A Jamaica, famosa por suas praias de areia branca e águas cristalinas, tem enfrentado uma crescente privatização de sua costa. Um exemplo disso ocorreu em 2020, quando a praia da baía de Mammee foi vendida para um empreiteiro, que iniciou a construção de um resort de luxo e de um complexo residencial, bloqueando o acesso à praia para os moradores locais.

    Essa mudança impactou diretamente os pescadores da comunidade de Steer Town, que dependem das águas da região para sua subsistência. O fechamento da praia não foi um caso isolado; o acesso ao rio Roaring, popular entre a população, também foi restringido após a venda de terras para a China Harbour Engineering Company, que tinha planos de construção de residências particulares.

    Devon Taylor, um dos fundadores do Movimento Ambiental pelo Direito por Nascimento às Praias da Jamaica (JaBEEM), levantou questões sobre como a comunidade pode perder o acesso a esses espaços naturais que foram parte de suas vidas por gerações.

    Atualmente, a situação das praias da Jamaica é preocupante. Apesar de a ilha ter 1.022 km de litoral, apenas 0,6% do total é acessível ao público, de acordo com dados do JaBBEM. Em 2024, a Jamaica recebeu um recorde de 4,3 milhões de turistas, mas, para os jamaicanos, as praias tornam-se cada vez mais inacessíveis com o aumento de projetos turísticos. A maior parte da receita gerada pelo turismo, cerca de 60%, não permanece na ilha, o que gera preocupações sobre quem realmente se beneficia desse crescimento.

    A privatização das praias começou há cerca de setenta anos, durante a colonização britânica, e se intensificou nos últimos cinco anos. Estima-se que até 2030, 10 mil novos quartos de hotel sejam construídos, muitos deles em áreas antes acessíveis ao público, como o Hard Rock Hotel e o Moon Palace The Grand.

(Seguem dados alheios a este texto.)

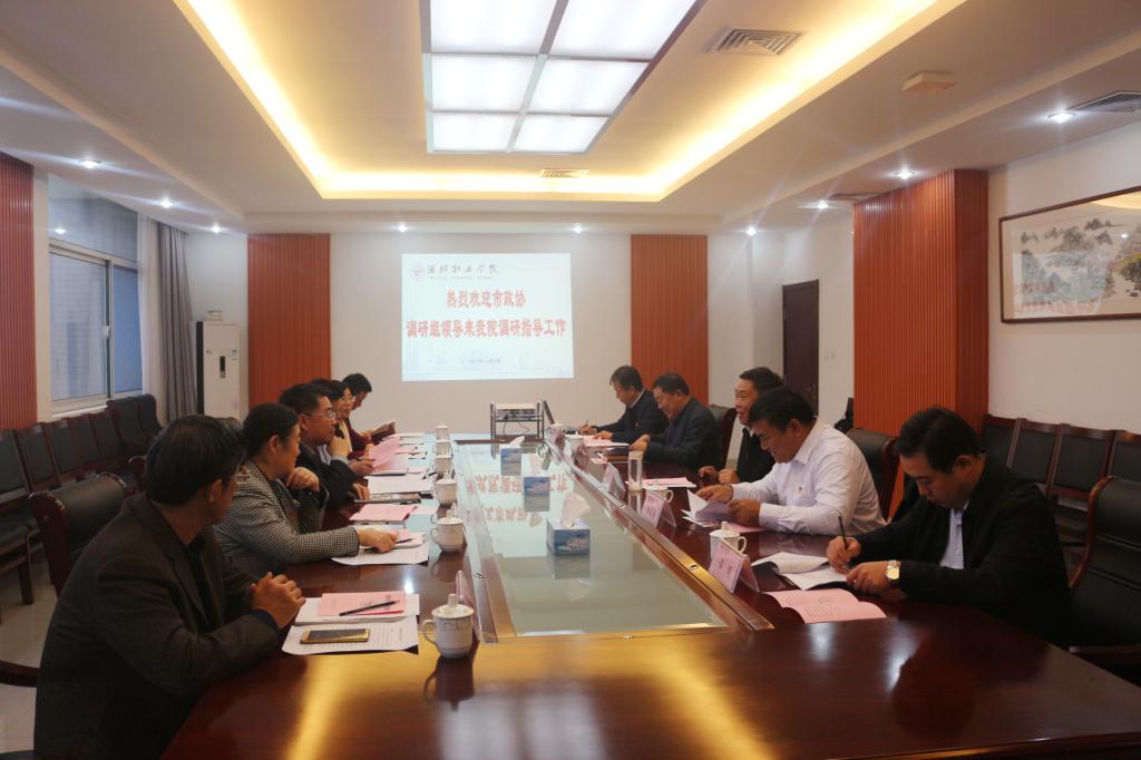 11月1日下午,潍坊市人力资源管理服务中心主任魏明带领潍坊市政协专项调研组一行6人来bv伟德,就“潍坊市职业教育发展现状和学院在推进‘四个城市’建设中发挥作用情况”进行调研。学院党委书记张洪全,院长王家爱,党委副书记宋桂言,纪委书记郭晓辉,党委委员、办公室主任谭明,组织人事处主要负责同志陪同调研。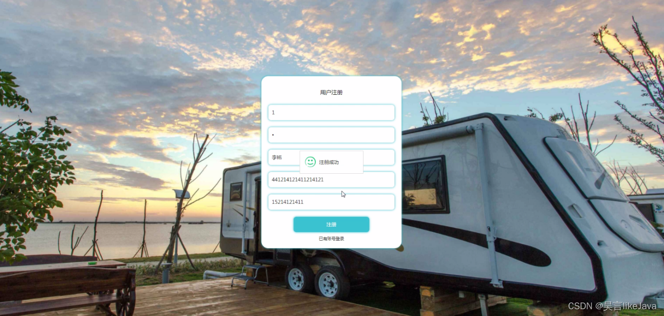 登录、用户注册,在用户注册页面可以填写用户名、密码、姓名、性别、头像、身份证、手机等信息进行注册,如图5-2所示。

    A Lei de Controle das Praias, vigente desde 1956, permite que o governo transfira áreas costeiras para a iniciativa privada e não garante o direito de acesso público às praias. Para alguns advogados e ativistas, isso representa uma grave ameaça à cultura local e à subsistência das comunidades que dependem do mar e das praias.

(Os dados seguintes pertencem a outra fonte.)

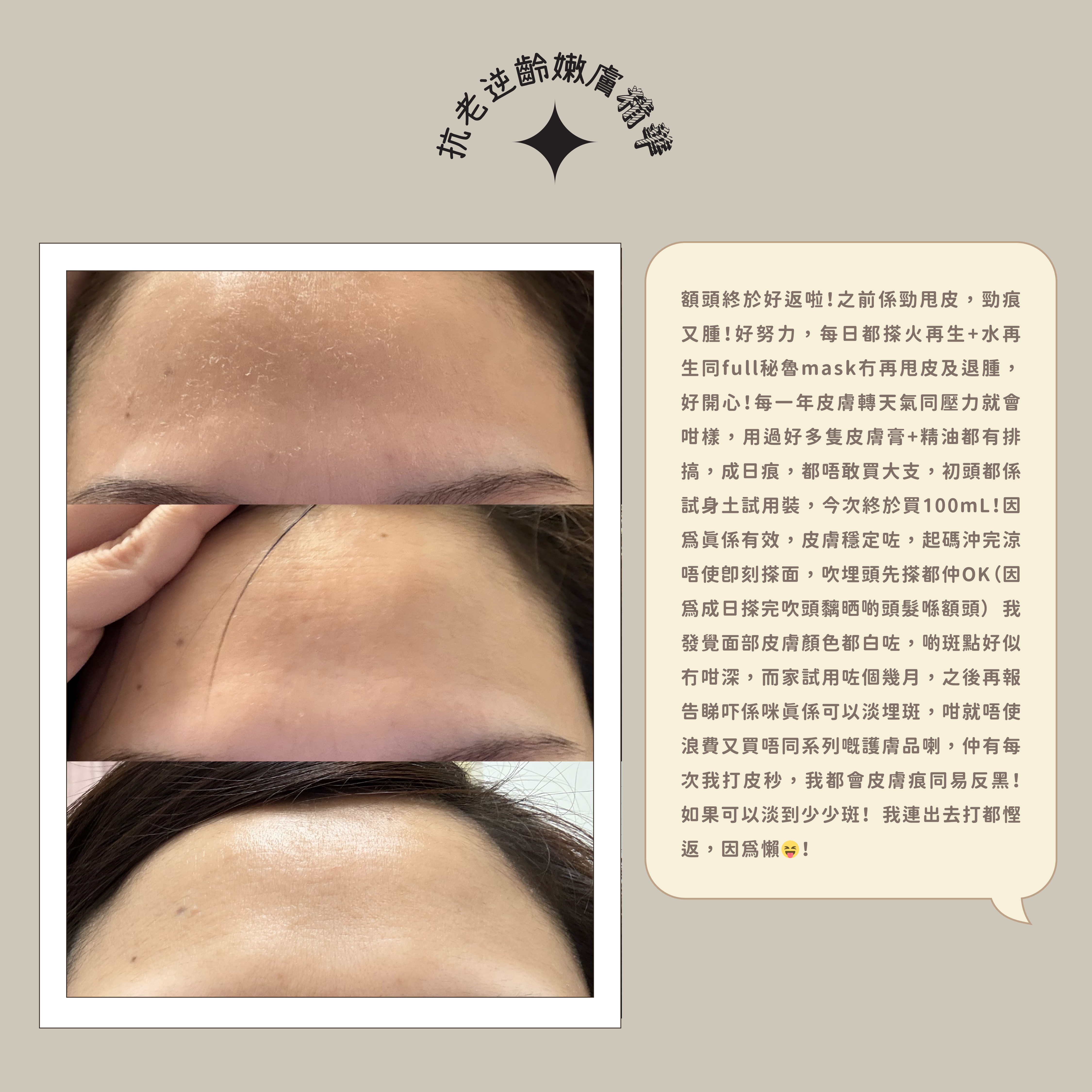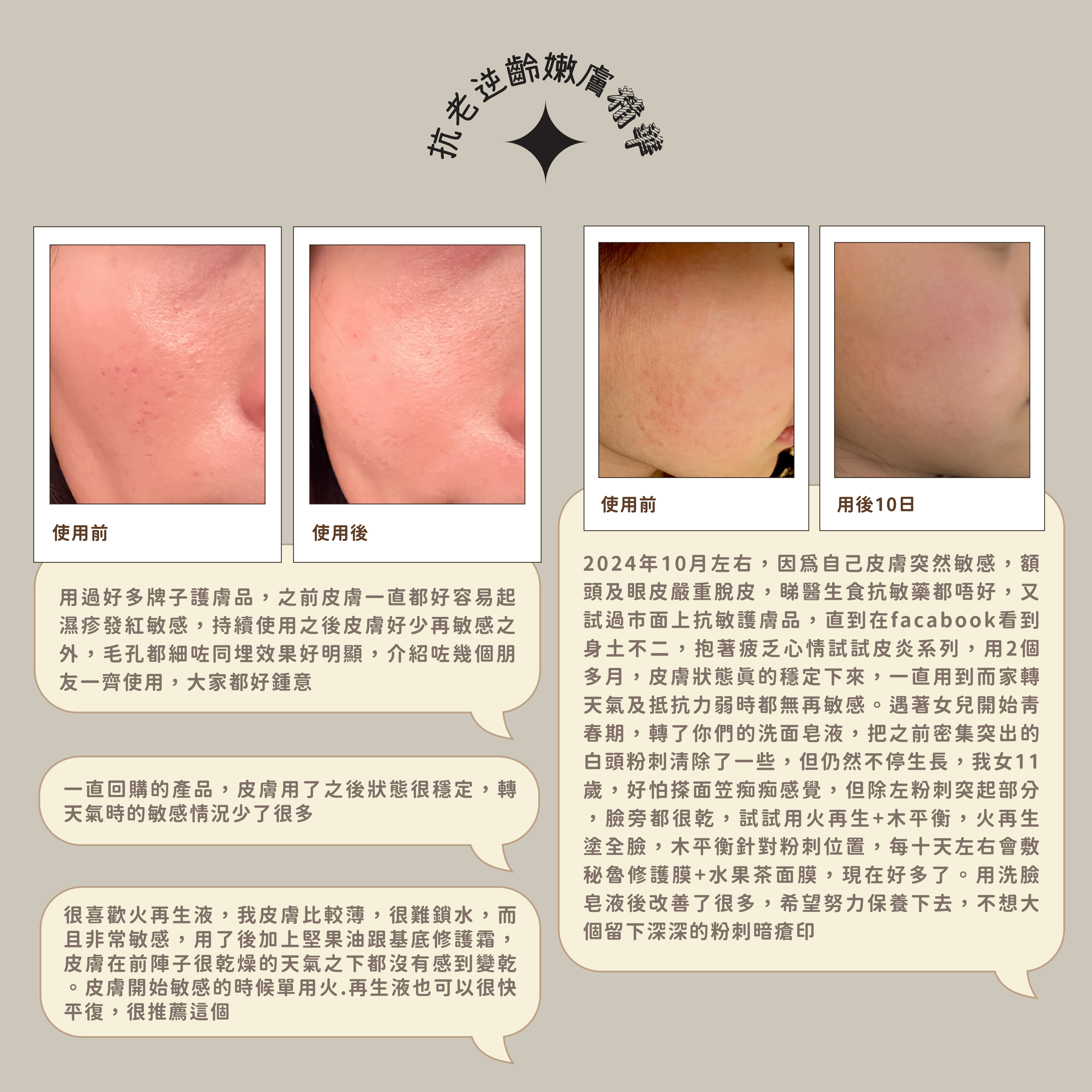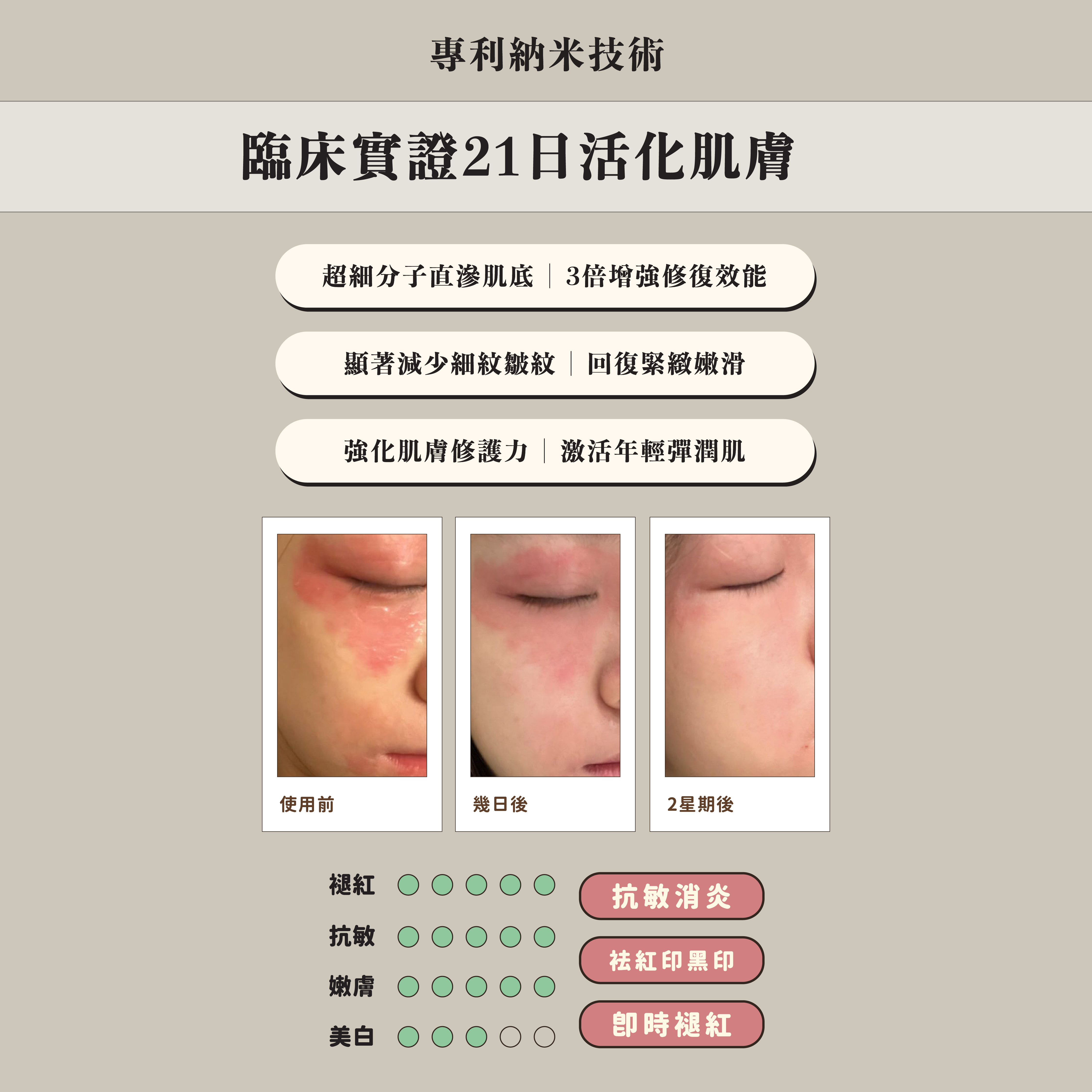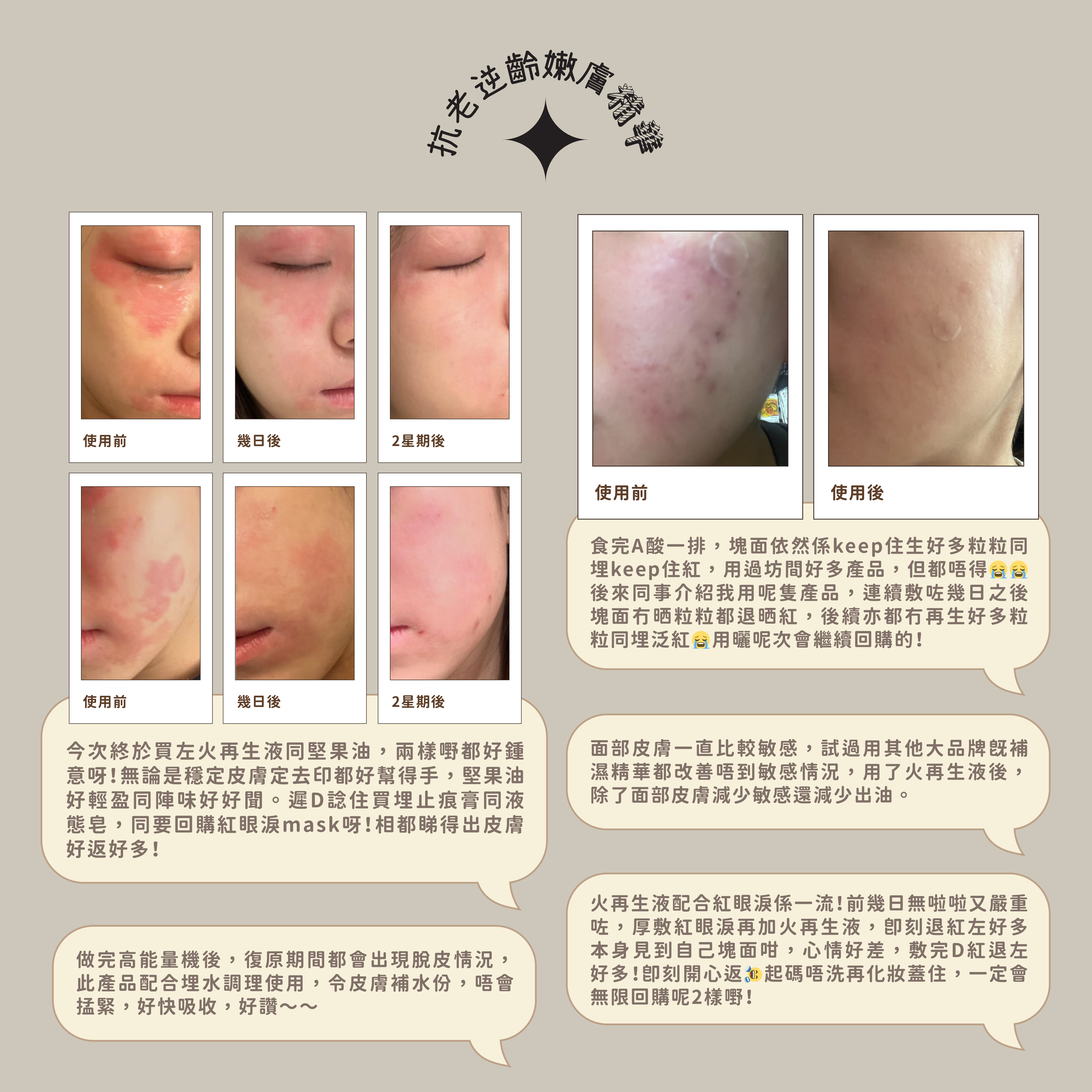 新一代火再生液蘊含秘魯龍血樹脂萃取、深海海藻萃取、玫瑰純露3種超級護膚成分,配合升級納米化專利技術,每滴精華濃縮3倍滲透力、修復力、抗紋力,深入修復肌膚屏障,發揮抗老活膚的功效,經臨床測試證實持續使用21天,有效改善皺紋、鬆弛、色斑、黑印、缺水、毛孔粗大和泛紅等七大肌膚問題,讓肌膚回復緊緻彈潤。

    A partir de 2021, movimentos como o JaBEEM começaram a ganhar força, levando ações judiciais para garantir o acesso público às praias. Atualmente, cinco ações em tribunais estão sendo processadas, envolvendo diversas áreas, incluindo a baía de Mammee e a praia de Providence, onde um resort pretende desviar o acesso da população.

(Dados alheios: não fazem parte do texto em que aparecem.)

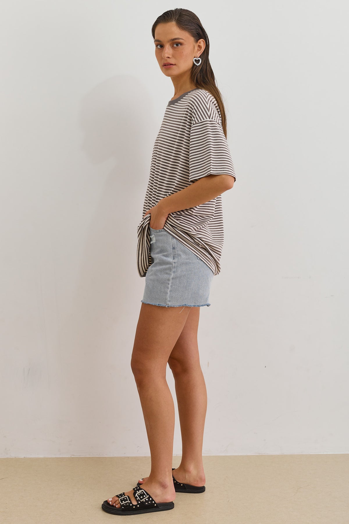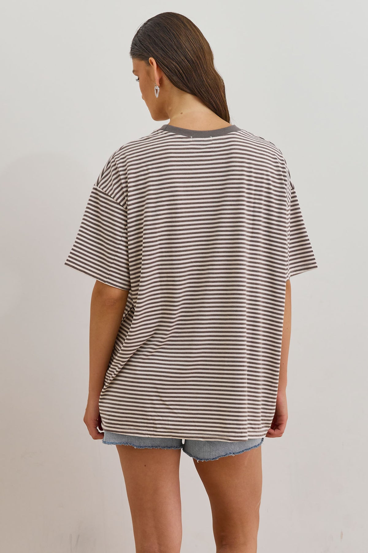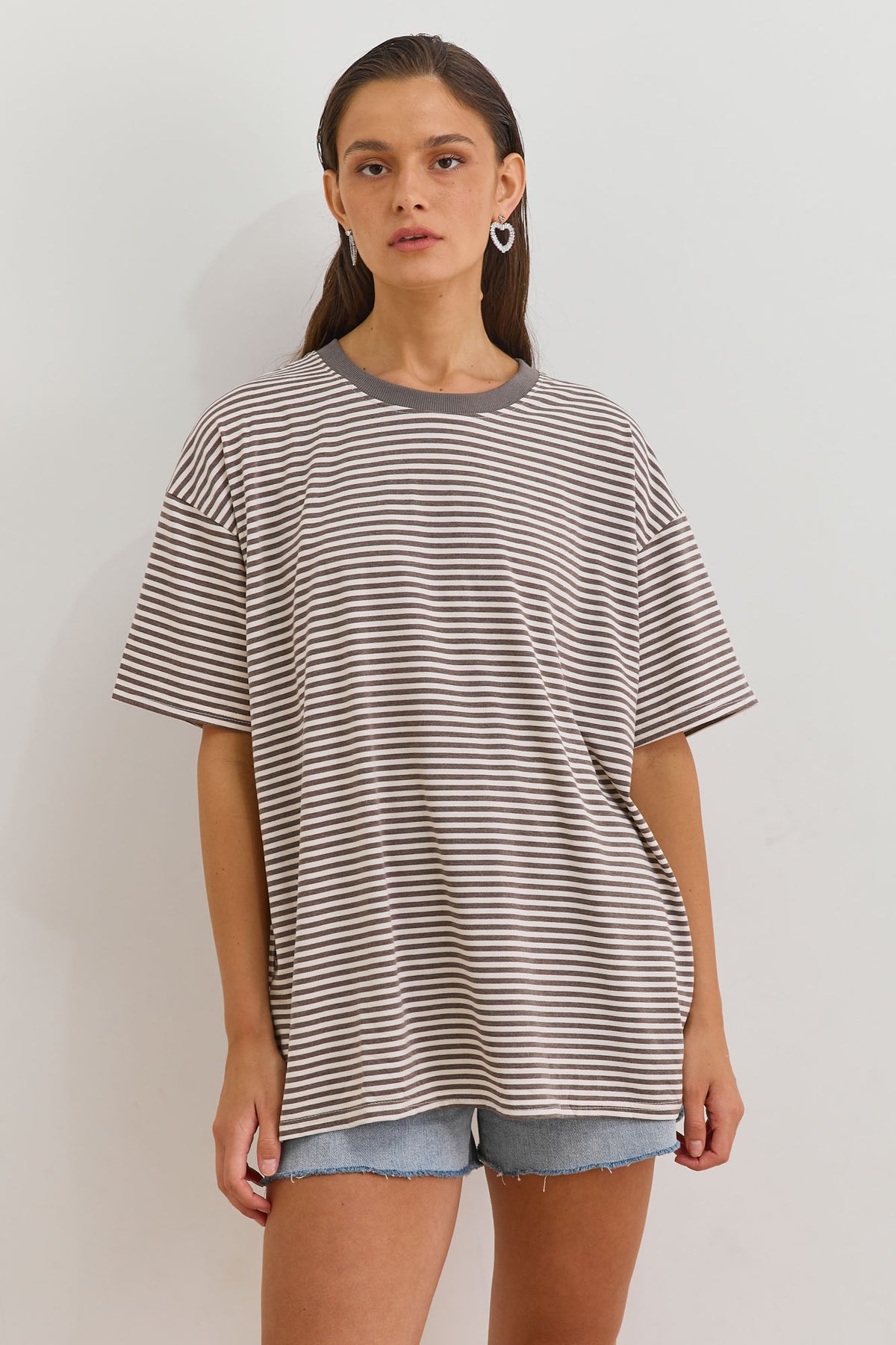 טי שירט אתנה סטרייפס גזרת אוברסייז | אפור/לבן

    As iniciativas para barrar a privatização das praias são um reflexo do desejo da comunidade em preservar sua cultura e garantir o acesso a recursos naturais vitais. A luta por justiça e acesso às praias é um tema comum nas conversas entre moradores, que se preocupam com o futuro das próximas gerações.

    No cenário atual, a Jamaica se reconstrói após os danos causados pelo furacão Melissa, e as autoridades estão encorajando turistas a retornarem. No entanto, é cada vez mais importante que os visitantes optem por apoiar negócios locais e evitar resorts que restringem o acesso à praia. Há ainda praias públicas, como a Seven Mile, que, embora privativas de certos empreendimentos, mantêm uma conexão mais forte com a cultura local.

    Há alternativas mais acessíveis, como a praia de Winnifred, onde iniciativas de pequenos comerciantes locais oferecem uma experiência mais autêntica e próxima da tradição jamaicana. Os turistas estão cada vez mais convidados a explorar e apoiar essas opções que promovem a cultura local e preservam o patrimônio natural da ilha.